Dataset records

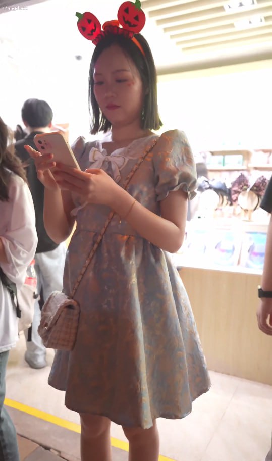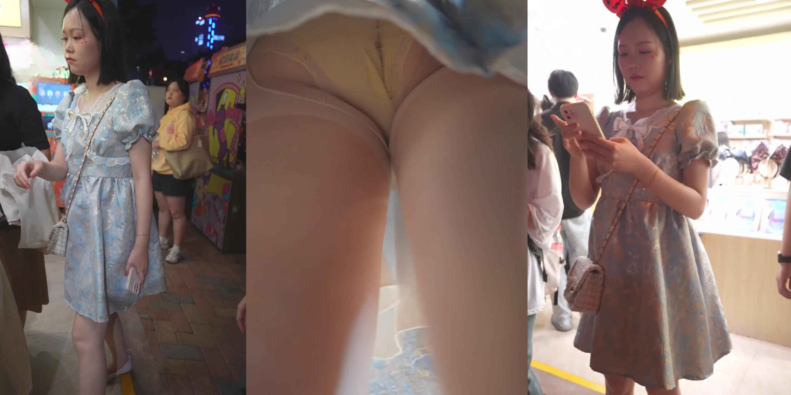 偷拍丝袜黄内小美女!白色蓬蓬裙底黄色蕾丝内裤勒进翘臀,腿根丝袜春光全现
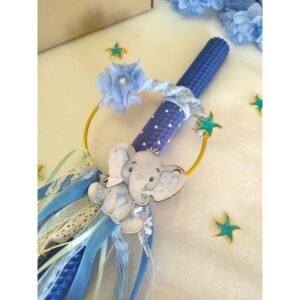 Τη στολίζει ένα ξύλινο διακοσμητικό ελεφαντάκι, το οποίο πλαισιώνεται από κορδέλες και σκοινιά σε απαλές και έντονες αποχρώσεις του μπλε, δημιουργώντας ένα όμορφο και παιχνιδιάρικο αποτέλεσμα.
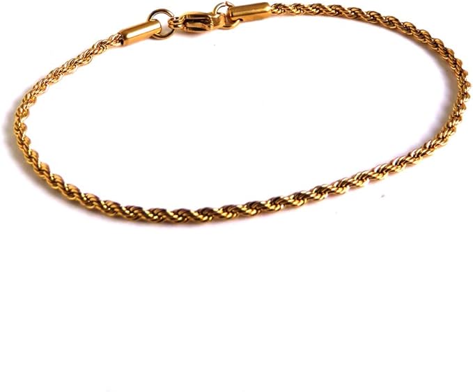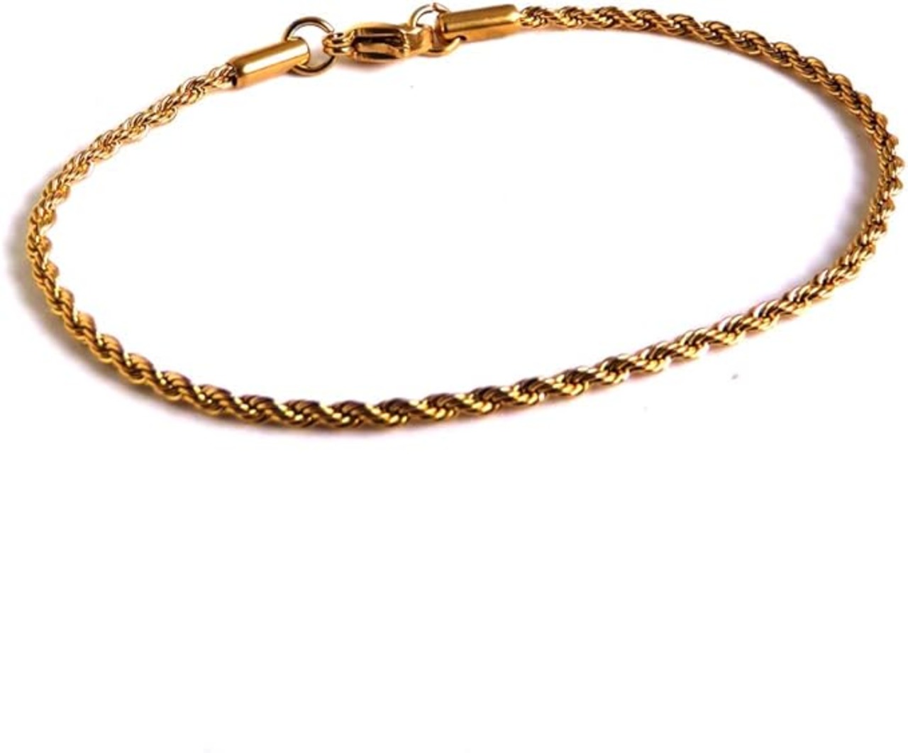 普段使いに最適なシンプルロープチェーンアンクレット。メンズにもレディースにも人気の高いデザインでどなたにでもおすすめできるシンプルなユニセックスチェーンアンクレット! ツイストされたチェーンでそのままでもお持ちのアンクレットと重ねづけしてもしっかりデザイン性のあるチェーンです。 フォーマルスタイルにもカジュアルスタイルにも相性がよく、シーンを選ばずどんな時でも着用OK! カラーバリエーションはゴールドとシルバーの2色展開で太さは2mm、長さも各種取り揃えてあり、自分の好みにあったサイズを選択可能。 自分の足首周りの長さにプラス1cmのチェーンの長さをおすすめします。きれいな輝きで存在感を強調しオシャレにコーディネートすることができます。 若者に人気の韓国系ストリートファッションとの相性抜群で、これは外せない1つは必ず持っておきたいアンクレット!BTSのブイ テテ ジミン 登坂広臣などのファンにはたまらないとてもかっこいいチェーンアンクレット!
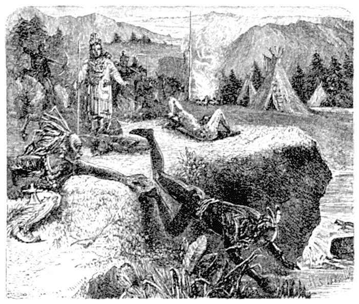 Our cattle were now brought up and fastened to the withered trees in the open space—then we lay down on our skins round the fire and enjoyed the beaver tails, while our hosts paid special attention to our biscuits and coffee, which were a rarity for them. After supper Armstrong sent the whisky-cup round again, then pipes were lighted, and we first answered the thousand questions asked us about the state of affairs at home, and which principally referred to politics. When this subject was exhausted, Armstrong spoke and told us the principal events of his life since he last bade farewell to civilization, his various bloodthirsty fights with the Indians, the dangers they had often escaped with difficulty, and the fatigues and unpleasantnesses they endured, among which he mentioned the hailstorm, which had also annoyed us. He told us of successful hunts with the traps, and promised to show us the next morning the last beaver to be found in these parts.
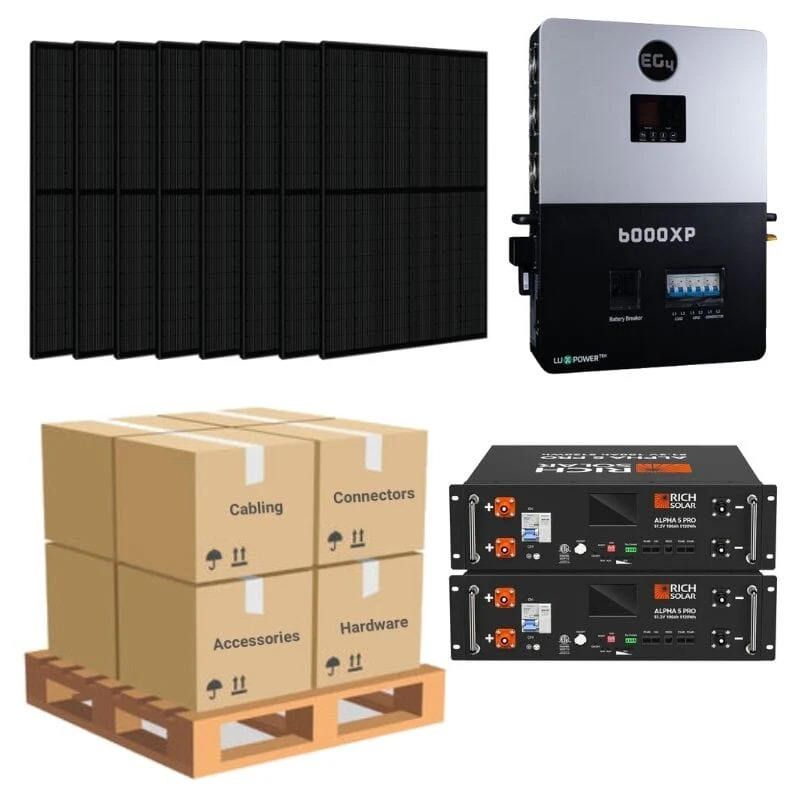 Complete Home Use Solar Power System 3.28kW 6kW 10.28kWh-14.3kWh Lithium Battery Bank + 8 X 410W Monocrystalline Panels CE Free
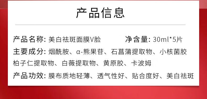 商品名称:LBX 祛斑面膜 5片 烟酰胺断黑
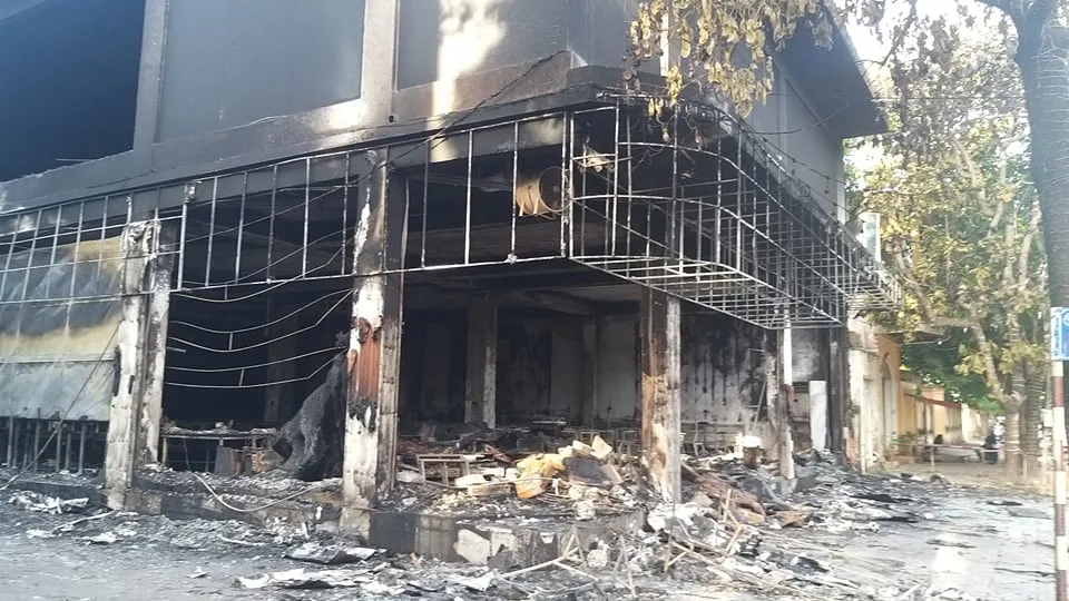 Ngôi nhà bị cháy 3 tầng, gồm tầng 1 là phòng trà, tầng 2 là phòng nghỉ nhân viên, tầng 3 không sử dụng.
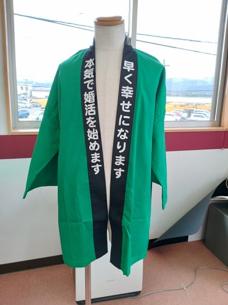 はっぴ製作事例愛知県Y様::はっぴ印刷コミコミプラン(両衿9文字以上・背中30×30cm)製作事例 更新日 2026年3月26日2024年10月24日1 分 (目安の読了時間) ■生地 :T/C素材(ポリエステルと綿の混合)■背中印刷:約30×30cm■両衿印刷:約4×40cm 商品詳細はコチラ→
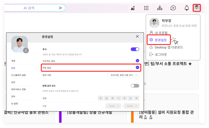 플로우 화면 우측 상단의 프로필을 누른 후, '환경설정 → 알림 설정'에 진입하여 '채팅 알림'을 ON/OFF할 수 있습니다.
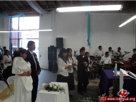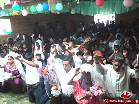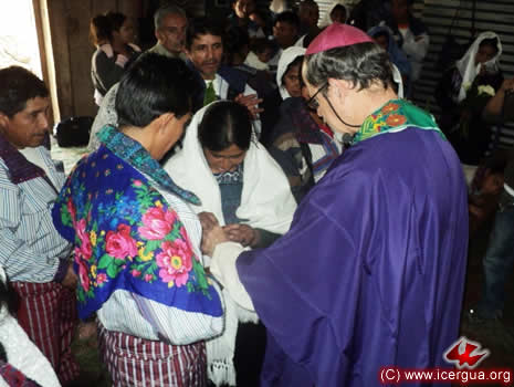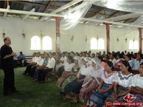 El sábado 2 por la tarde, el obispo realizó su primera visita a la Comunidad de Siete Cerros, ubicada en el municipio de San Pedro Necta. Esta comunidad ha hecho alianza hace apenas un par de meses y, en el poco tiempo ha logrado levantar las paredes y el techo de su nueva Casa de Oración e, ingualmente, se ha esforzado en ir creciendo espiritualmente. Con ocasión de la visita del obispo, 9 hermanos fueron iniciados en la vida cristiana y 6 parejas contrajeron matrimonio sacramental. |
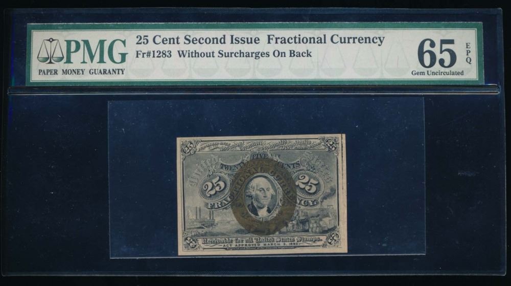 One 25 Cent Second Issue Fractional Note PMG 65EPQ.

Task instructions
Every line from the one that holds "Ngôi nhà bị" to the last line of the records above goes into the answer, exactly as written; nothing else does, and no picture does either.

Exercise solution
 Ngôi nhà bị cháy 3 tầng, gồm tầng 1 là phòng trà, tầng 2 là phòng nghỉ nhân viên, tầng 3 không sử dụng.
 はっぴ製作事例愛知県Y様::はっぴ印刷コミコミプラン(両衿9文字以上・背中30×30cm)製作事例 更新日 2026年3月26日2024年10月24日1 分 (目安の読了時間) ■生地 :T/C素材(ポリエステルと綿の混合)■背中印刷:約30×30cm■両衿印刷:約4×40cm 商品詳細はコチラ→
 플로우 화면 우측 상단의 프로필을 누른 후, '환경설정 → 알림 설정'에 진입하여 '채팅 알림'을 ON/OFF할 수 있습니다.
 El sábado 2 por la tarde, el obispo realizó su primera visita a la Comunidad de Siete Cerros, ubicada en el municipio de San Pedro Necta. Esta comunidad ha hecho alianza hace apenas un par de meses y, en el poco tiempo ha logrado levantar las paredes y el techo de su nueva Casa de Oración e, ingualmente, se ha esforzado en ir creciendo espiritualmente. Con ocasión de la visita del obispo, 9 hermanos fueron iniciados en la vida cristiana y 6 parejas contrajeron matrimonio sacramental. |
 One 25 Cent Second Issue Fractional Note PMG 65EPQ.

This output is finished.